Stored records:
***

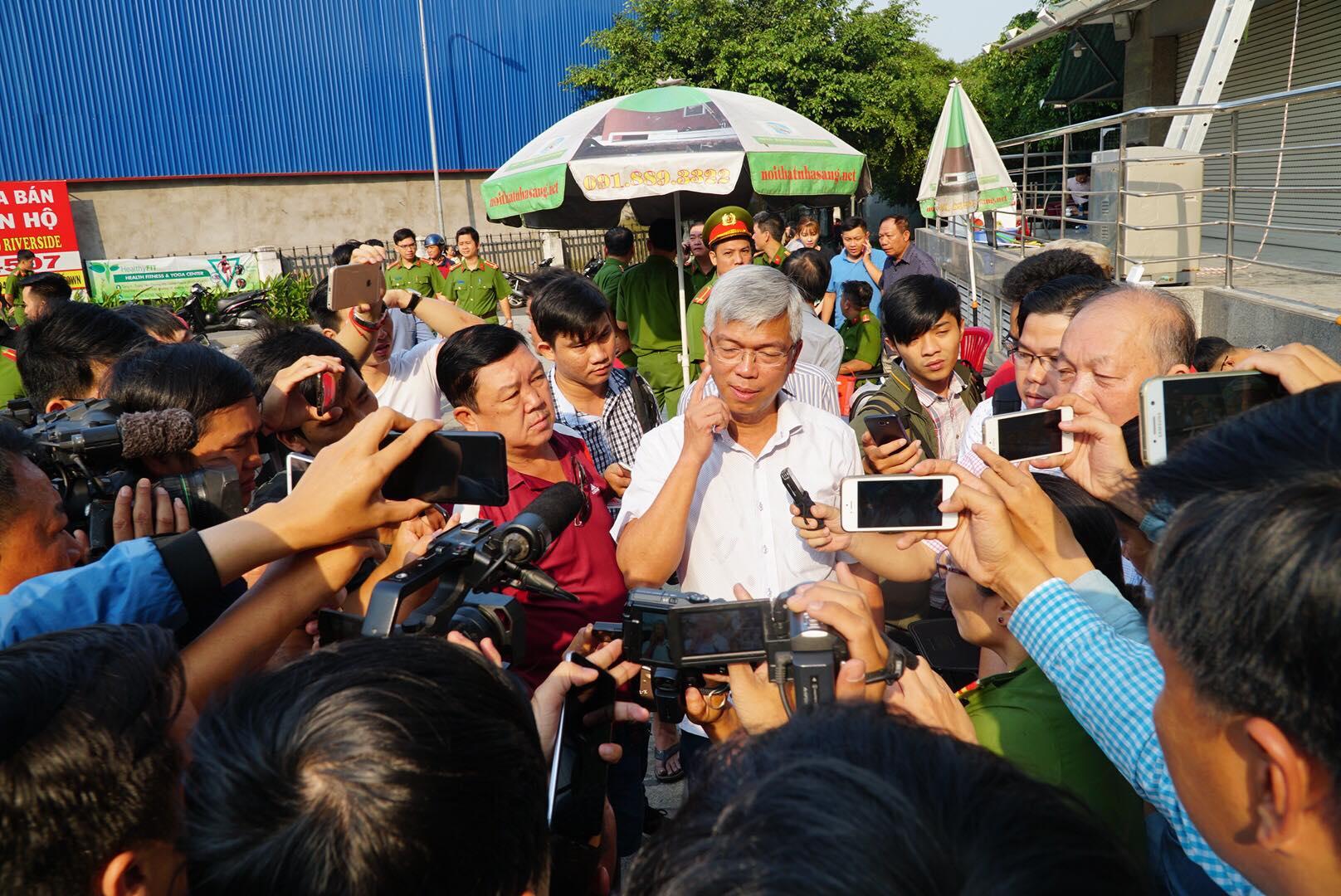 7h45: Có mặt tại hiện trường vụ cháy sáng nay, Chánh văn phòng UBND.TPHCM Võ Văn Hoan đã tổ chức họp báo nhanh với các phóng viên.
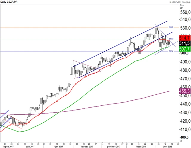 Cena akcií ČEZ zůstává pod hlavním rostoucím cenovým kanálem. V posledních dnech se titul nachází mezi 20- a 50denním průměrem. Vytváří se trojúhelníková formace, která by při proražení mohla vyslat vstupní signál. Nejbližší rezistencí je 20denní průměr, následují linie na úrovni 517 a 530,8. Nejbližším supportem je 50denní průměr, následuje linie podpory na 502.
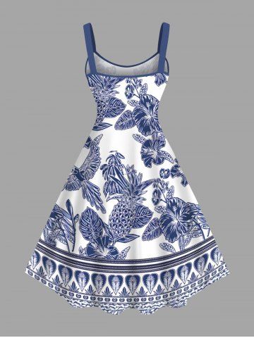 Graphic Dresses > Plus Size Blue And White Porcelain Pineapple Hibiscus Flower Leaf Print Hawaii Tank Dress
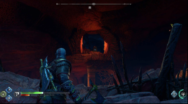如图所示位置可以看到宝箱,R在宝箱旁,我们先去宝箱右边的通道,使用黄昏石打N,往宝箱左边走几步,右上方可以找到C。
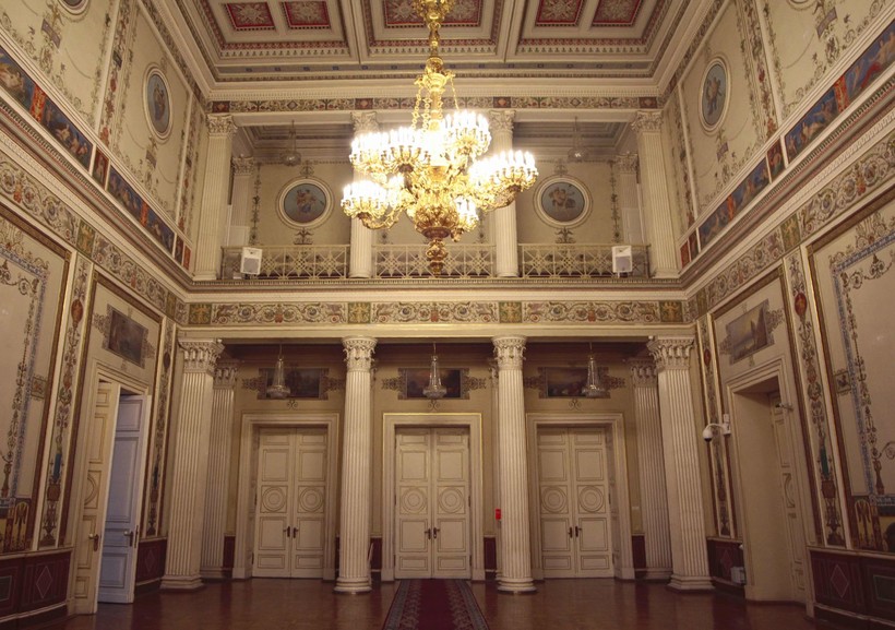 Парадные залы были украшены в стиле позднего классицизма. На втором этаже две анфилады в своём пересечении образовывали помещение в виде ротонды, за которым находился Квадратный (Помпейский) зал с Овальными столовой и гостиной.
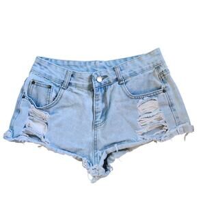 Womens High Rise Short Jean Shorts Size 2-4 Light Blue Distressed
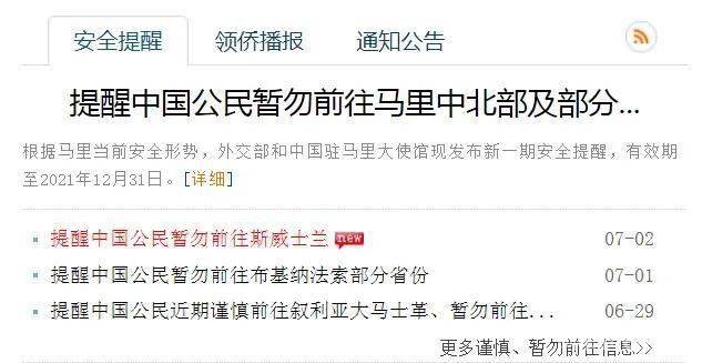 近日,中国领事服务网更新了多个安全提醒,提醒中国公民暂勿前往斯威士兰、马里中北部及部分边境地区和布基纳法索部分省份。
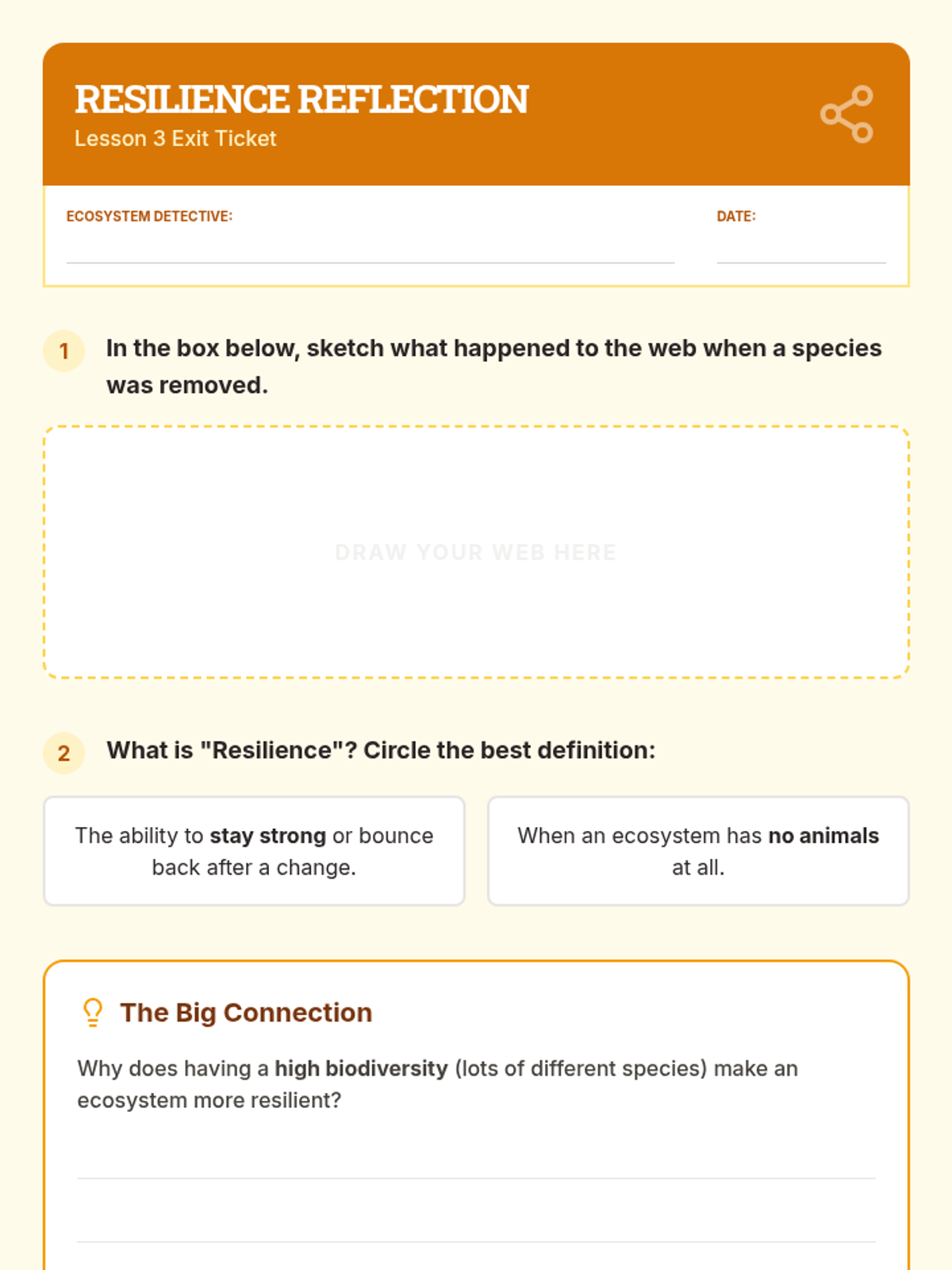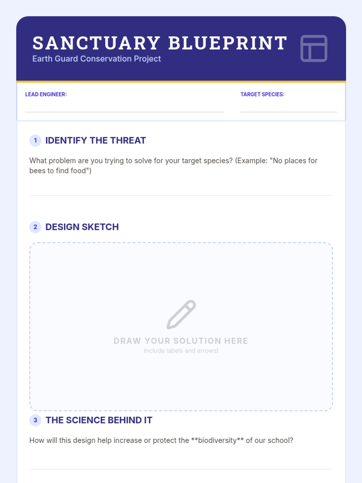A comprehensive 3rd-grade exploration of biodiversity, moving from local schoolyard observations to global habitat comparisons, ecosystem interdependence, and active conservation design. Students develop scientific observation skills and environmental stewardship.
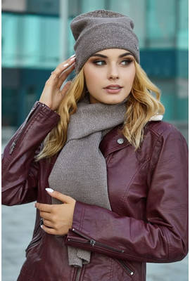 Главная страница Женские шапки Осень-Зима Потрясающий комплект: шапка и шарф "Беатрис" - 5044-10 темный кофе
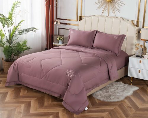 В комплект входят простыня, наволочки и одеяло. Одеяло простеганное, легкое и воздушное, его можно стирать в стиральной машине. Благодаря микроволокну в составе наполнителя для одеяла, оно всегда принимает свою начальную форму.

***

TASK DETAILS
The images in the entries above should be left out; please reproduce exactly the lines from the first through the one containing "Cena akcií ČEZ".

ANSWER BOX
 7h45: Có mặt tại hiện trường vụ cháy sáng nay, Chánh văn phòng UBND.TPHCM Võ Văn Hoan đã tổ chức họp báo nhanh với các phóng viên.
 Cena akcií ČEZ zůstává pod hlavním rostoucím cenovým kanálem. V posledních dnech se titul nachází mezi 20- a 50denním průměrem. Vytváří se trojúhelníková formace, která by při proražení mohla vyslat vstupní signál. Nejbližší rezistencí je 20denní průměr, následují linie na úrovni 517 a 530,8. Nejbližším supportem je 50denní průměr, následuje linie podpory na 502.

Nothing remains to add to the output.